There are several potential explanations for our finding of a benefit of check incentives. PCPs may be more familiar with checks and feel that they are more straightforward to deposit and thus use. The need to email a study manager to activate the cash card may have also limited enthusiasm for this type of incentive. The regional differences may suggest that behaviors regarding cash cards and familiarity with them varies geographically. However, it is also possible that factors not related to incentive type contributed to our findings about differences between cities. For example, overall survey response rates were the highest in Boston, likely at least partly because the principal investigators for the PCP survey component of BFOR (who signed the survey cover letter) were Boston-based investigators. This difference may have attenuated some of the differential impact of checks versus cash cards in Boston, although it seems unlikely to fully explain the regional differences seen. Our findings suggest that investigators conducting local or regional surveys should consider local context when they choose survey incentives. For national studies, checks (or cash) may be a safer option to maximize survey responses.

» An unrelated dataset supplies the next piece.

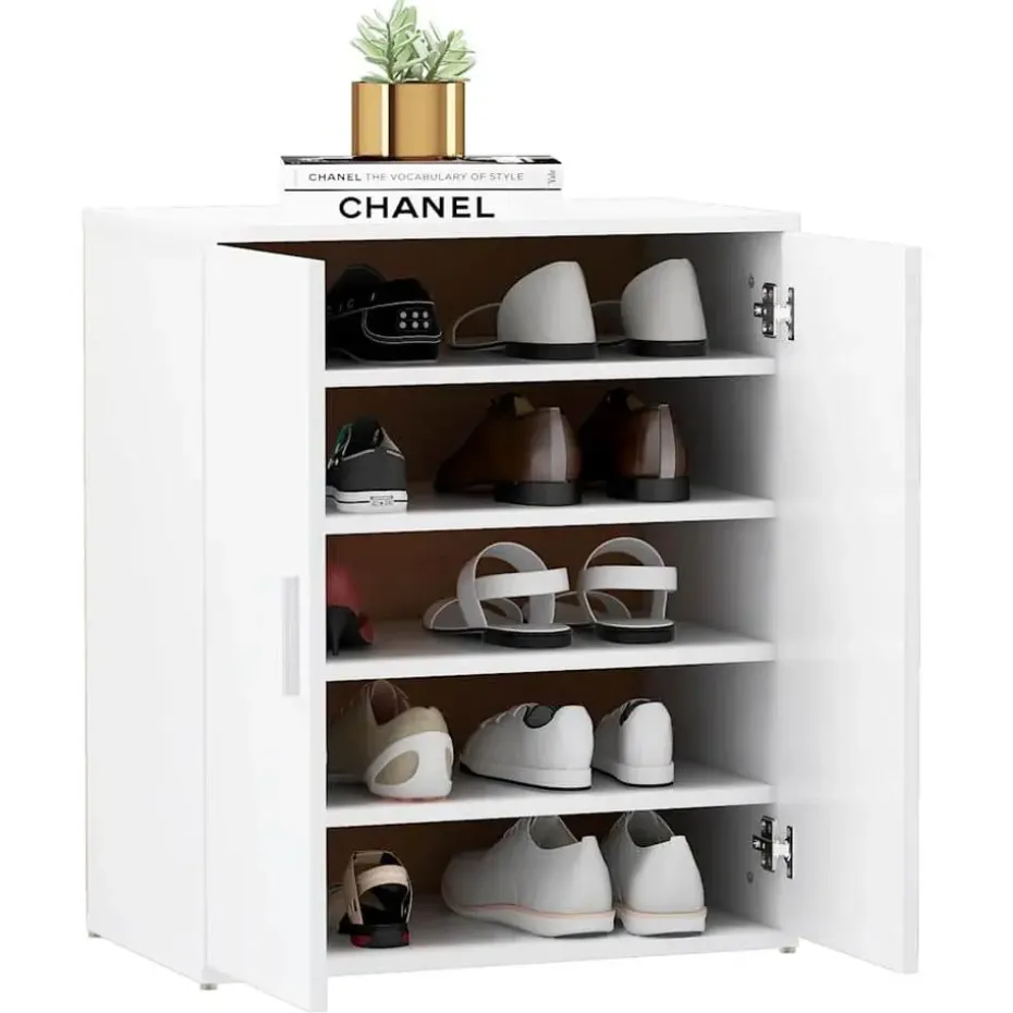 Deze halkast is gemaakt van bewerkt hout en is buitengewoon duurzaam en stevig. De schoenenkast heeft 5 schappen, die voldoende ruimte bieden om je schoenen goed geordend te houden. Dankzij de 2 deuren beschermt de schoenenopberger je schoenen tegen stof en houdt hij ze uit het zicht. De kast is bovendien naar eigen behoeften aan de muur of grond te monteren.

Strengths of this study include its prospective enrollment of PCPs from 4 different cities. It also has some limitations. First, we used an alternating assignment strategy rather than randomization to assign providers to check versus cash card as providers were nominated by their patients to disclose results. We are not aware of any ways that this would have biased our findings in this unblinded study, however, and we used multivariable logistic regression to balance known confounders. Second, we had relatively limited covariates for non-responding PCPs, which limited the comparisons of responding and non-responding providers. Third, 42 PCPs, all in the cash card arm, received an intensified survey reminder approach, with a third reminder mailing enclosing a second incentive. Our sensitivity analyses demonstrated that this biased our findings somewhat towards the null. Fourth, we did not enroll as many PCPs as planned into this study of incentives because of our decision to use checks only for all PCPs after the 303rd PCP enrolled, in order to maximize the response rate and the corresponding robustness of our findings from the survey (which we will report separately). Lastly, our findings may not be generalizable to PCPs practicing outside major cities, or to other cities in the U.S. Nonetheless, we believe that these findings provide valuable information for researchers who are considering what types of incentives to use for provider surveys.

Conclusion

Monetary incentives in the form of up-front checks may increase clinician survey response rates more than up-front cash card incentives. However, the differential impact of these incentives appears to be region-specific. Further research is needed to explore these differences. In addition, further research on cash card incentives for clinician surveys should explore whether not requiring email activation increases the effectiveness of the incentive, despite the possibility of added cost. Clinician surveys remain critical for understanding health care service delivery, and continued investigation is needed to identify the most effective and cost-effective strategies to optimize clinician survey response rates.